La forêt congolaise saigne en silence. Dans le village Mukwija, à Mungazi, des mains anonymes s’acharnent sur de jeunes plants d’eucalyptus destinés à protéger les sols contre l’érosion. Ces arbres, à peine âgés d’un an, tombent sous les coupes clandestines au crépuscule, détournés de leur mission écologique pour finir en poutres de construction. Une aberration environnementale qui menace directement l’équilibre fragile du territoire de Kalehe, déjà victime d’une déforestation accélérée.
Comment expliquer ce saccage organisé? Les plantules, mises en terre par diverses organisations dont la FAO et des ONG locales, représentaient un rempart contre la dégradation des sols. Leur destruction systématique ouvre la voie à une érosion galopante dans cette région du Sud-Kivu, pourtant classée parmi les plus vulnérables aux glissements de terrain. «Ces coupes compromettent des années d’efforts et exposent nos populations à des dangers immédiats», alerte Benjamin Mungazi, acteur de la société civile locale.

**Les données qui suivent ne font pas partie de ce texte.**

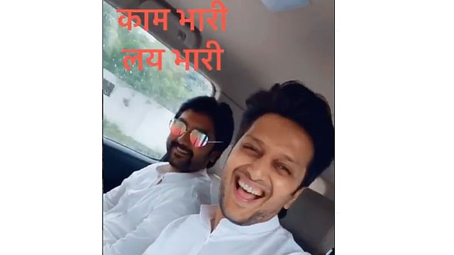 काल रितेशने त्याच्या इन्स्टाग्राम अकाऊंटवर एक टिकटॉक व्हिडिओ शेअर केला. या व्हिडिओमध्ये हे दोघं भाऊ मजा करत एका गाण्यावर मजा करताना दिसत आहेत. उमेदवारी अर्ज भरायला जाण्यापूर्वी केलेला हा व्हिडिओ असावा असा अंदाज आहे. यातून कळतं की कितीही गंभीर काम असलं तरी ते आनंदात आणि उत्साहात करायची रितेशची सवय आहे. या व्हिडिओत एका हटके गाण्यावर रितेश नाचताना दिसतोय आणि धीरजचा मूड आनंदी करण्याचा प्रयत्न करतोय. या व्हिडिओला रितेशने 'Brother Love' असं कॅप्शन दिलंय. तर व्हिडिओवर 'काम भारी, लय भारी' असं कॅप्शन दिलंय. या मजेशीर व्हिडिओचा रितेशचे फॅन चांगलाच आनंद लुटत आहेत. कालपासून हा व्हिडिओ खूप व्हायरल होतोय. या व्हिडिओला 698, 390 व्ह्यूज आहेत.
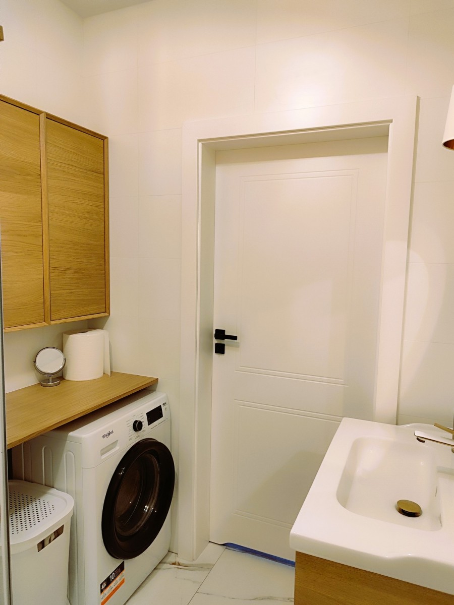 Pokój dzienny z aneksem kuchennym 25,51m, pokój 14,4m2, pokój 8,12m2, wiatrołap 1,71m2, spiżarka 1,67m2, hol 4,44m2, łazienka 4,10m2. Kuchnia została urządzone z uwzględnieniem zasad ergonomii i wyposażono ją w sprzęty znanych marek, zmywarka, pakowna lodówka, piekarnik parowy z grillem, płyta indukcyjna, wyjątkowo zgrabny okap. Zabudowa meblowa pomieści wszystkie niezbędne akcesoria a blat pozwoli wygodnie przygotowywać posiłki. W przedpokoju jasne szafy wnękowe, które pomieszczą sporo rzeczy. Łazienkę urządzono jasnymi płytkami z naturalnymi dodatkami, z kabiną prysznicową i szafką, bidettą, pralką i ładnie dopasowanym lustrem.

La situation rappelle amèrement la tragédie de 2023 où plus de 500 personnes ont péri dans les inondations de Nyamukubi et Bushushu. Les experts s’accordent sur un point: un reboisement structuré aurait pu atténuer l’impact de cette catastrophe. Aujourd’hui, la répétition de ces coupes d’eucalyptus à Kalehe fait craindre le pire. Les sols, privés de leurs racines stabilisatrices, deviennent une poudrière écologique lors des saisons pluvieuses.
Le paradoxe est saisissant: ceux-là mêmes qui devraient protéger ces arbres les sacrifient pour des besoins immédiats de construction. Une vision à courte vue qui ignore les conséquences à long terme sur l’environnement et la sécurité des communautés. La protection environnementale en RDC passe pourtant par ce type d’initiatives de reboisement au Sud-Kivu, où chaque arbre planté représente un rempart contre l’érosion.
Les organisations environnementales tirent la sonnette d’alarme. Leur travail de sensibilisation auprès des communautés locales semble insuffisant face à l’urgence des besoins en habitat. Faut-il renforcer la surveillance? Impliquer davantage les autorités traditionnelles? La question mérite d’être posée alors que la déforestation à Kalehe prend des proportions inquiétantes.
La solution réside peut-être dans une approche intégrée, combinant reboisement et alternatives durables pour les matériaux de construction. Des programmes qui permettraient aux populations de bénéficier des ressources sans compromettre l’équilibre écologique. Car sans une action concertée, c’est tout l’écosystème régional qui risque de basculer.
La forêt congolaise, poumon de l’Afrique, mérite mieux que ce cycle infernal de destruction. Chaque eucalyptus abattu à Mungazi représente un pas de plus vers l’asphyxie des sols et l’aggravation des risques naturels. Il est temps que la protection de l’environnement devienne une priorité absolue, avant que la nature ne présente à nouveau sa facture, toujours plus lourde et plus douloureuse.